Records contained in a dataset
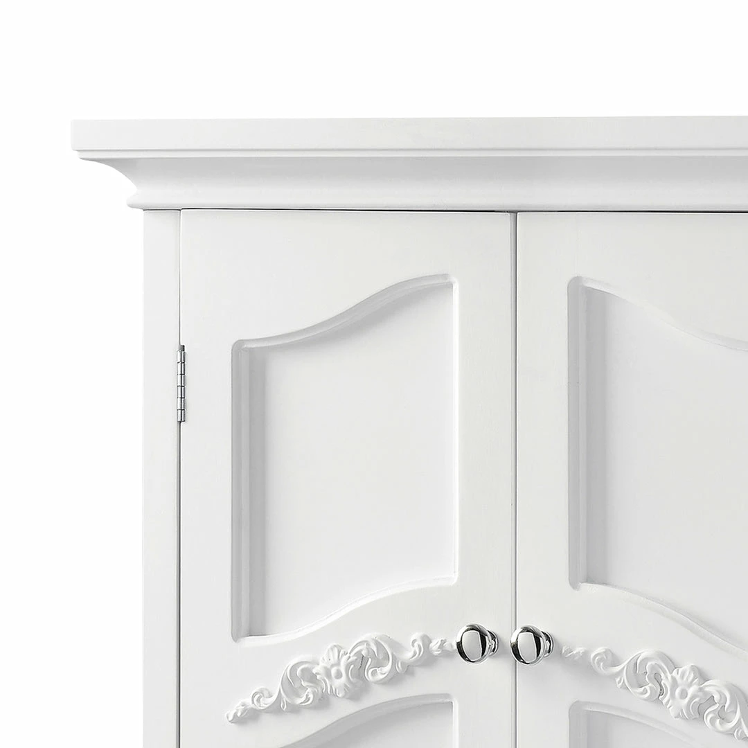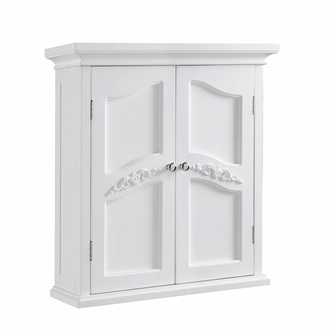 Upgrade your home storage while adding classic style with the Teamson Homes Versailles Wooden Removable Wall Cabinet with 2 Shelves. This decorative cabinet features a white finish with a crown molded top, metal knobs, and engraved doors for a timeless addition to your space. The 2 included adjustable shelves make this cabinet functional and customizable to suit your storage needs. Constructed from durable engineered wood, this storage unit is built to provide you with long-lasting organization. Easy, step-by-step instructions and all of the hardware are included for quick assembly. Purchase this stylish wall cabinet alone or with other items from the Versailles collection for a cohesive, updated look. The Teamson Homes Versailles Wooden Removable Wall Cabinet with 2 Shelves measures 8″ x 22″ x 24″ to provide removable storage without taking up too much space in your living area.
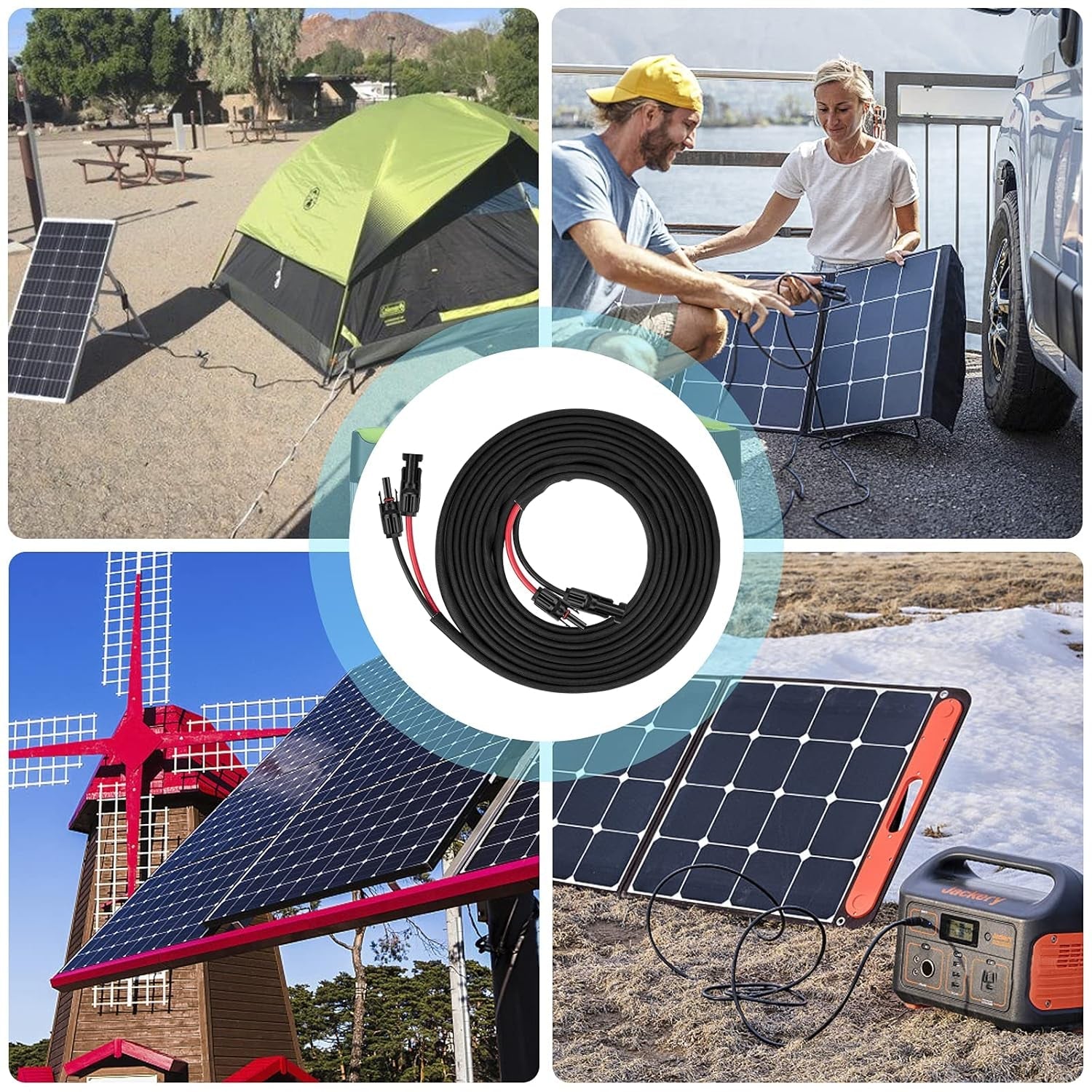 Includes one red and one black 30ft solar extension cable (10AWG, 6mm²) made with tinned copper wire for excellent conductivity and low power loss.🌦️ Weatherproof & UV-Resistant
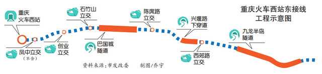 重慶日?qǐng)?bào)記者7月2日獲悉,市發(fā)展改革委近日正式批復(fù)了重慶火車西站東接線工程可行性研究報(bào)告。項(xiàng)目全長(zhǎng)9.4公里,呈東西走向,總投資約74.9億元,建成后將緩解重慶西站對(duì)外的交通壓力。
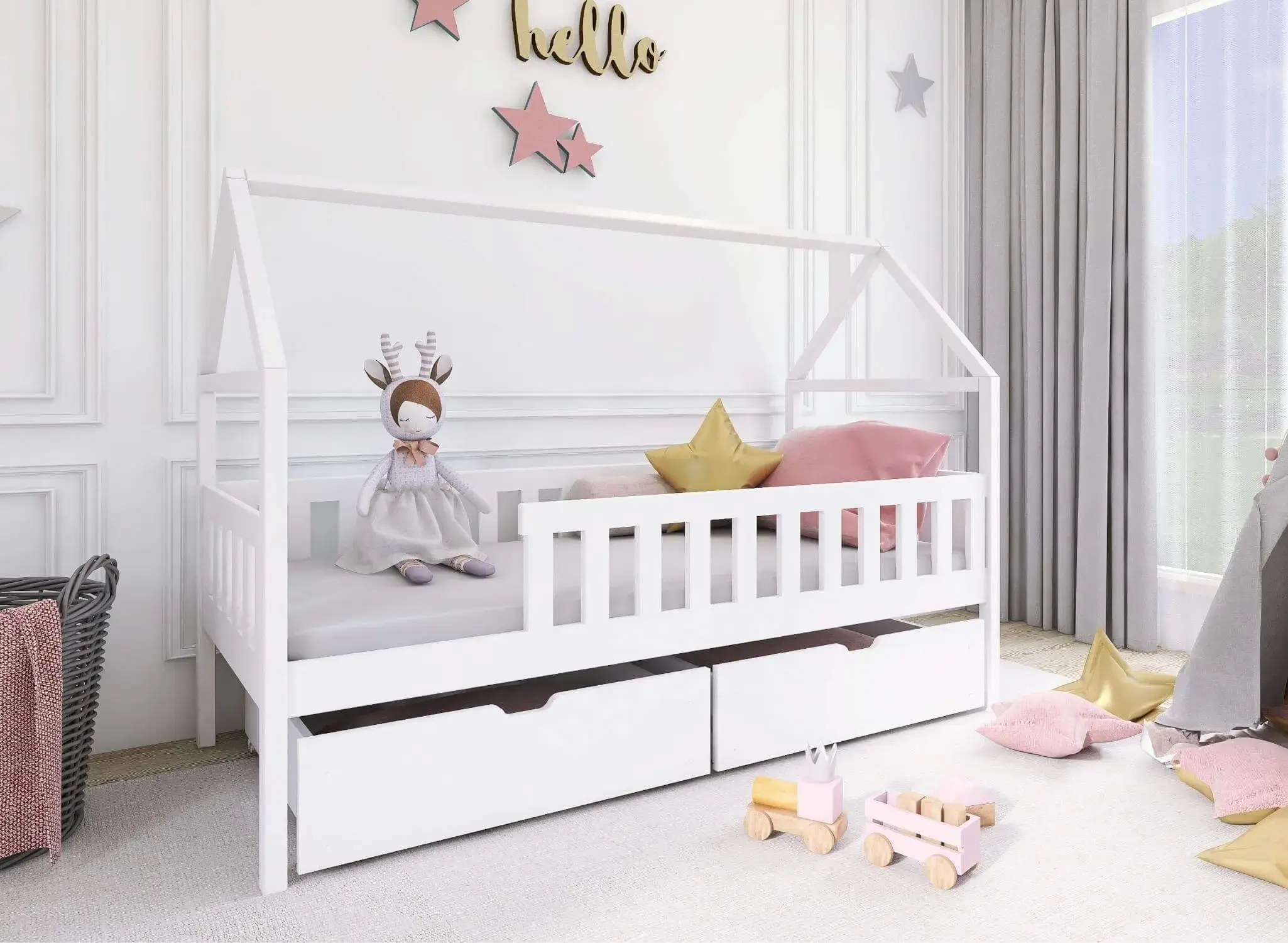All unsere Produkte erfüllen die höchsten Sicherheitsstandards, die für Kindermöbel vorgesehen sind. Für die Herstellung dieses Modells verwenden wir Kiefernholz, das nicht nur langlebig ist, sondern auch aus nachhaltiger Forstwirtschaft stammt. Das DOMI Hausbett zeichnet sich somit durch seine ökologische Natur aus. Wir können es in der Farbe lackieren, die Ihr Kind sich wünscht - und das mit ungiftigen Lacken. Im Kinderzimmer fehlt es immer an Stauraum - sei es für Spielzeug, Winterkleidung oder Ersatzbettwäsche. Dieses Modell Kindermöbel ist mit zwei ausziehbaren Schubladen mit viel Stauraum ausgestattet, die sicherlich nützlich sein werden.
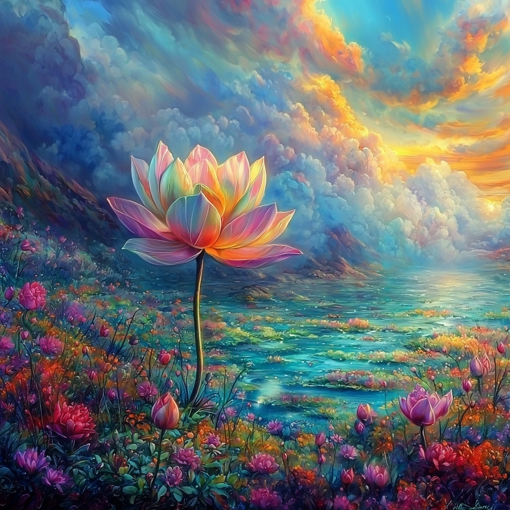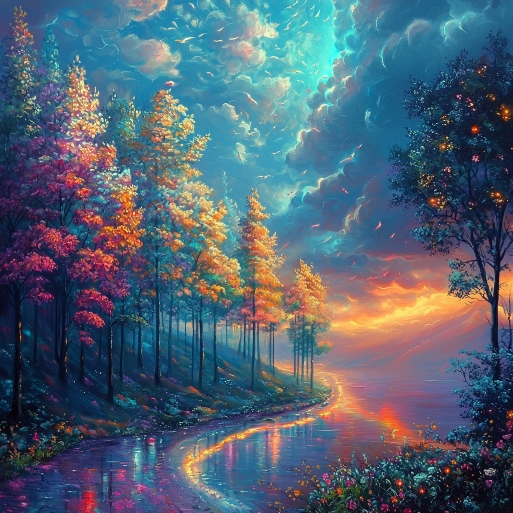 The interplay of light and shadow creates a dynamic feel, with vibrant blues and oranges dominating the sky and water. The textures of clouds and trees exhibit meticulous detailing, enhancing depth and a sense of movement across the scene.

- **What you should do**
Above are some entries. Restate word for word the lines from the one holding "Includes one red" through the one holding "重慶日?qǐng)?bào)", but not the pictures.

- **Expected output**
 Includes one red and one black 30ft solar extension cable (10AWG, 6mm²) made with tinned copper wire for excellent conductivity and low power loss.🌦️ Weatherproof & UV-Resistant
 重慶日?qǐng)?bào)記者7月2日獲悉,市發(fā)展改革委近日正式批復(fù)了重慶火車西站東接線工程可行性研究報(bào)告。項(xiàng)目全長(zhǎng)9.4公里,呈東西走向,總投資約74.9億元,建成后將緩解重慶西站對(duì)外的交通壓力。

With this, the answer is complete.